▶ [WHAT YOU HAVE TO DO] Lines from the records below that contain the word "pour" are to be copied out.
----------------------------------------
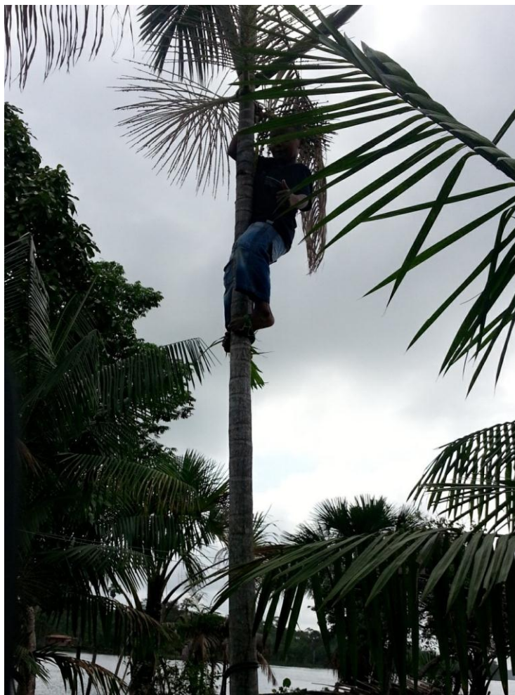
Figura 11 - Garoto subindo no alto da árvore de açaí

(cinco metros). Entretanto, neste primeiro momento a ser visualizado, o garoto apenas está subindo na árvore.
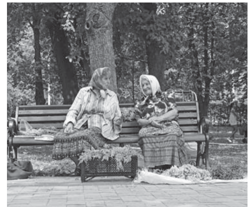
Кому – свято, а кому – просто бізнес
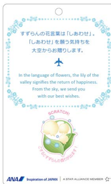
▲ANAグループ社員手作りのしおり
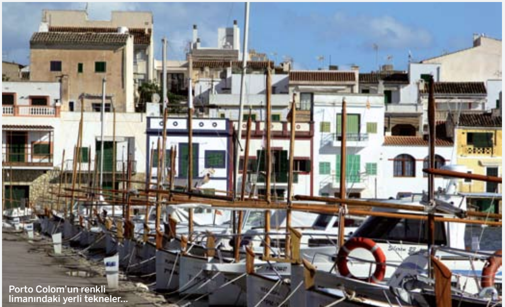
Porto Colom'un renkli limanındaki yerli tekneler...

Ertesi sabah, bu sefer lodostan bastıran yeni bir fırtınanın uğultusuyla uyandık. Anlaşılan Akdeniz'den çıkana kadar havadan yana rahat edemeyeceğiz. Neyse ki bu kez emniyetli bir koydayız, ama koyun ağzı güneye açık. Öğleye doğru, fırtınanın soluğanları içeri girmeye başladı. Akşam bir yere tutunmadan ayakta duramıyorduk. Saatler ilerledikçe sallantı da arttı. Üzerinde yelken olmadığı için iki yanına devrilen teknede, gece yalpayla yuvarlanmamak için yatağa yapışmaya çalışmaktan uyumaya fırsat olmadı. Vardiyalarla geçen yorucu bir gecenin sabahına kalkıyormuş gibi yataktan çıktık. Hâlbuki bir yere gittiğimiz yok, sözde limandayız... ➤
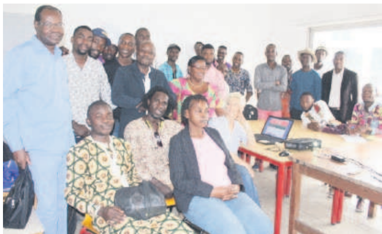
La photo de famille au terme de la rencontre

Bon nombre d'artistes et opérateurs culturels ont pris part aux retrouvailles d'échange et de partage axées sur le spectacle vivant (théâtre, danse live...) qui ont connu la présence de Marcel Poaty, conseiller socioculturel du maire de la ville portuaire. L'occasion a aussi permis à Fabienne
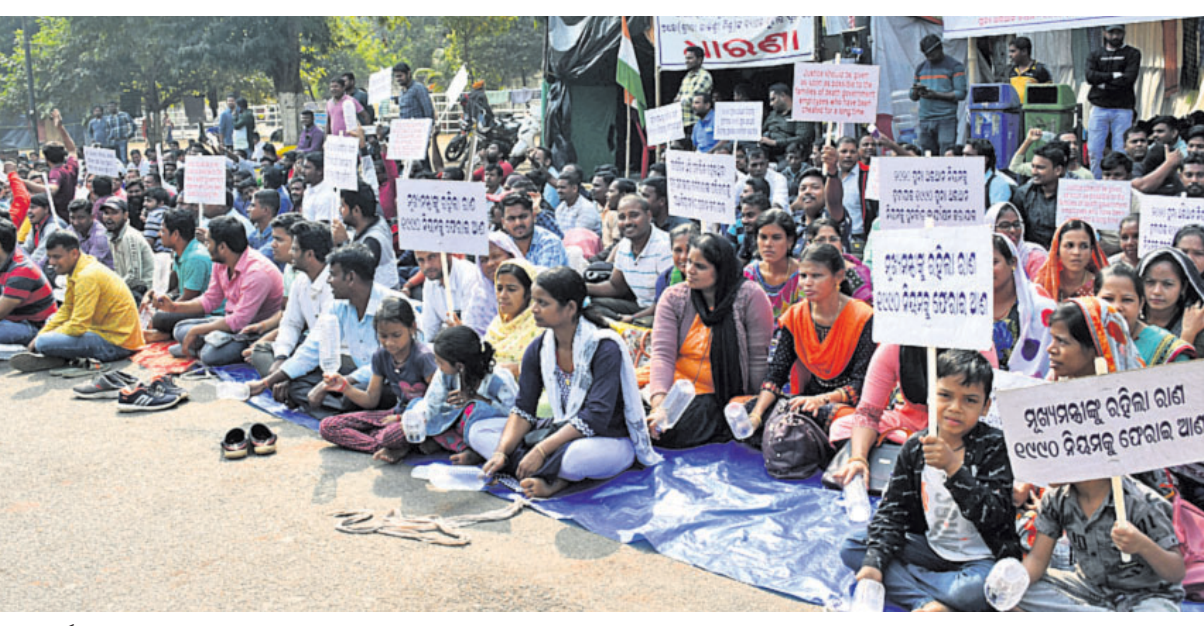
ଓଡ଼ିଶା ରାଜ୍ୟ କର୍ମଚାରୀ ଅଭିଯାନ ଆନ୍ଦୋଳନ ସଂଘ ପକ୍ଷରୁ ଭୁବନେଶ୍ୱର ଲୋୟର ପିଏମ୍‌ଜିରେ ଚାଲିଥିବା ଧାରଣାପୂର୍ଣ୍ଣ ଆନ୍ଦୋଳନକାରୀମାନେ ହାତରେ ବୋତଲ ଧରି ବିକ୍ଷୋଭ କରୁଛନ୍ତି ।

ଭୁବନେଶ୍ୱର, ୨୩।୧୧ (ବ୍ୟୁରୋ) - ଓଡ଼ିଶା ରୁ ସେବାମିତ୍ରିକ ସେବା ପୁନଃ ଅଭିଯାନ ନିୟମ-୨୦୨୦କୁ ଉଲ୍ଲଙ୍ଘନ କରି ପୁଣିଥରେ ପୁନଃ ଅଭିଯାନ ନିୟମ-୧୯୯୦ ଲାଗୁ କରିବା ଦାବିରେ ଓଡ଼ିଶା ରାଜ୍ୟ କର୍ମଚାରୀ ଅଭିଯାନ ଆନ୍ଦୋଳନ ସଂଘ ପକ୍ଷରୁ ଲୋୟର ପିଏମ୍‌ଜିରେ ଆନ୍ଦୋଳନ ଜାରି ରହିଛି । ରୁଧିର ଆନ୍ଦୋଳନକାରୀମାନେ ଅଭିଯାନ ଉପାୟରେ ବିକ୍ଷୋଭ ପ୍ରଦର୍ଶନ କରିବା ସହ ସରକାରଙ୍କ ଦୃଷ୍ଟି ଆକର୍ଷଣ କରିବାକୁ ଉଦ୍ୟମ କରିଛନ୍ତି । ଧାରଣାପୂର୍ଣ୍ଣ ଖାଲି ବୋତଲ ବାଡ଼େଇ ପ୍ରତିବାଦ କରିଛନ୍ତି । ପୁନଃ ଅଭିଯାନ ନିୟମ-୧୯୯୦ ଲାଗୁ କରାଯିବା ସହ ମୃତ ସରକାରୀ କର୍ମଚାରୀଙ୍କ ପରିବାରକୁ ରୁଚିତ କ୍ଷତିପୂରଣ ପ୍ରଦାନ କରାଯାଉ । ସେହିପରି ୨୦୦୩-୦୪ ମସିହାରେ ନିଯୁକ୍ତ ଶିକ୍ଷାସହାୟକଙ୍କୁ ସମାନ ସୁବିଧା ସୁଯୋଗ ପ୍ରଦାନ ତଥା ଛଡ଼େଇ ହୋଇଥିବା ଶିକ୍ଷା ସହାୟକଙ୍କୁ ପୁନଃ ନିଯୁକ୍ତି ନେଇ ସେମାନେ ଦାବି ଉପସ୍ଥାପନ କରିଛନ୍ତି ।
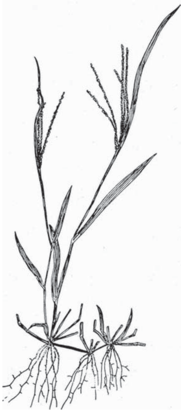
Digitaria asiatica — близкий вид D. ischaemum
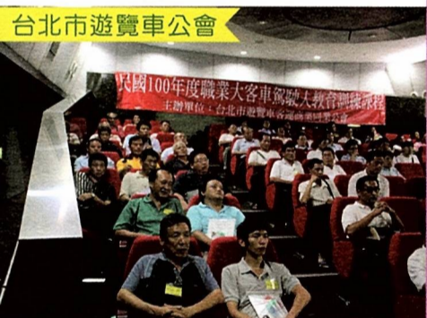
圖4 本會與台北市衛生局主辦之「預防中風」講座
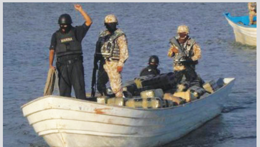
México, DF. Personal de la Secretaría de Marina aseguró ayer más de 3 toneladas 800 kilogramos de marihuana, a bordo de dos embarcaciones menores, en inmediaciones de Isla Huivulai, en el Mar de Cortés.
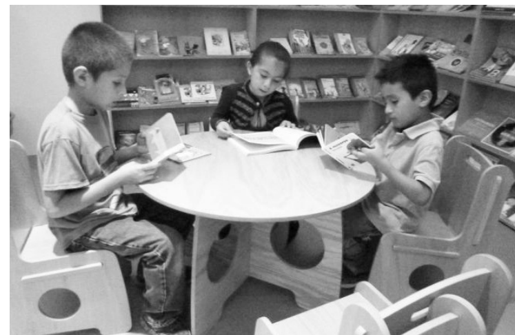
▲ El objetivo es inducir a los jóvenes la pasión por la lectura.

El cupo presencial en la hemeroteca del CCMB será limitado a 20 personas y las inscripciones están abiertas en el número telefónico 595-952-0320 extensión 1078.
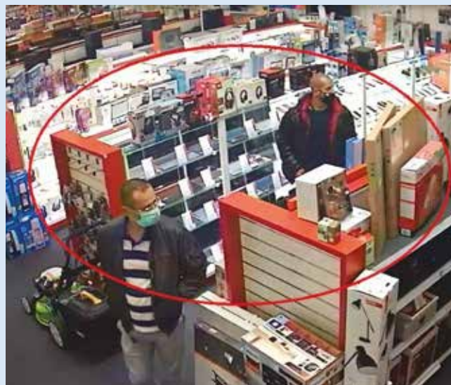
Ha felismerik őket, hívják a rendőrséget

fekete kapucnis kabátban tűnik fel, 30-35 éves lehet. Tettestársai többen lehetnek. A szürke nadrágos, fehér tornacipős, fekete kabátos férfi körülbelül 180 cm magas, míg a piros pulóveres 30-35 éves lehet, sötétebb bőrtónussal. Ha felismerik őket, jelezék azt privát üzenetben a Facebook-on a Políciának SR-Trnavský kraj felhasználónak, vagy hívják a 158-as telefonszámot.
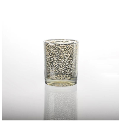
Suporte de vela pulverizado
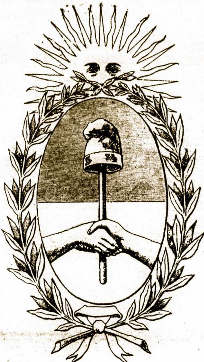
Argentinos Valstybinis herbas — Escudo Nacional.
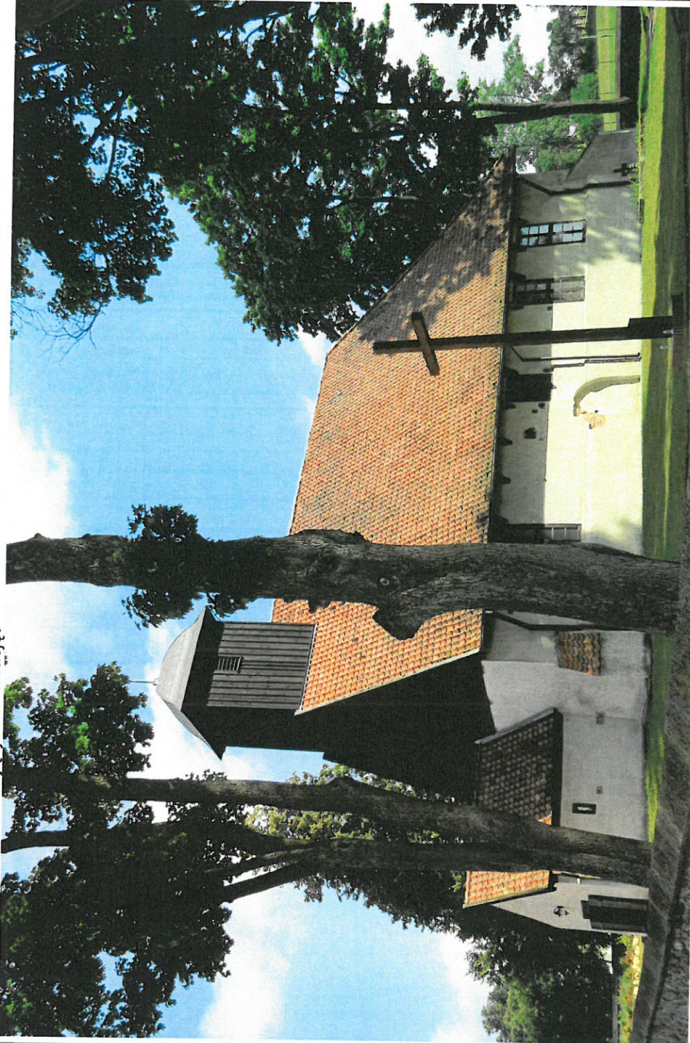
Widok ściany wzdłużnej i frontowej z SW na NE

8. Fotografia z opisem wskazującym orientację:
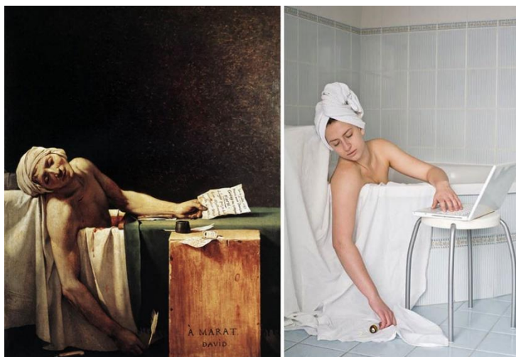
La muerte de Marat, de Jacques Louis David
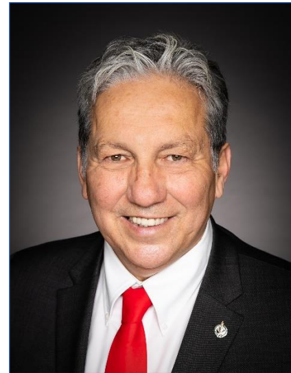
L'honorable Dan Vandal, Ministre des Affaires du Nord, ministre responsable de Développement économique Canada pour les Prairies et ministre responsable de l'Agence canadienne de développement économique du Nord

Nous vous invitons à lire ce rapport pour découvrir comment CanNor façonne la durabilité économique et la prospérité à long terme dans les territoires.
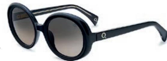
ETNIA 5 AUDREY € 219

Etnia Barcelona staat voor vrijheid, menselijkheid en respect voor alle etniciteiten en expressievormen. De stad Barcelona, bekend om haar innovatie en visie, speelt een cruciale rol in de identiteit van het merk en weerspiegelt haar dynamische en vooruitstrevende karakter, terwijl het altijd trouw blijft aan zijn roots.
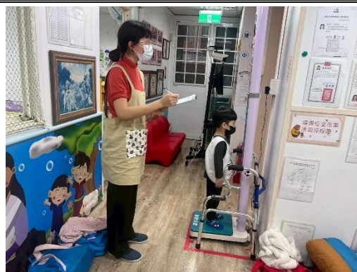
※溫柔班進行身高體重的測量。
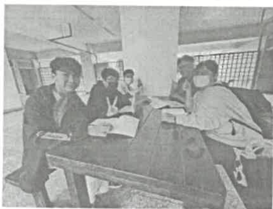
圖五：南宋詩學觀討論
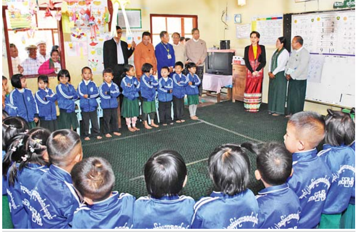
နိုင်ငံတော်၏အတိုင်ပင်ခံပုဂ္ဂိုလ် ဒေါ်အောင်ဆန်းစုကြည် တောင်ကြီးမြို့ အမှတ်(၂) အခြေခံပညာအထက်တန်းကျောင်းမှ ကျောင်းသားကျောင်းသူလေးများကို ပညာသင်ကြားနေမှုအခြေအနေများ မေးမြန်းစဉ်။

KG အတန်းများကို သွားသည့်အခါ ကလေးများမှာ တိုင်းရင်းသားမျိုးစုံက တက်ရောက်သင်ကြားနေသည်ကို တွေ့ရကြောင်း၊ တိုင်းရင်းသားပေါင်းစုံ အေးအေးဆေးဆေး စာမျက်နှာ ၆ သို့ >>
----------------------------------------
▶ [REPLY TO THE EXERCISE]
L'honorable Dan Vandal, Ministre des Affaires du Nord, ministre responsable de Développement économique Canada pour les Prairies et ministre responsable de l'Agence canadienne de développement économique du Nord
Nous vous invitons à lire ce rapport pour découvrir comment CanNor façonne la durabilité économique et la prospérité à long terme dans les territoires.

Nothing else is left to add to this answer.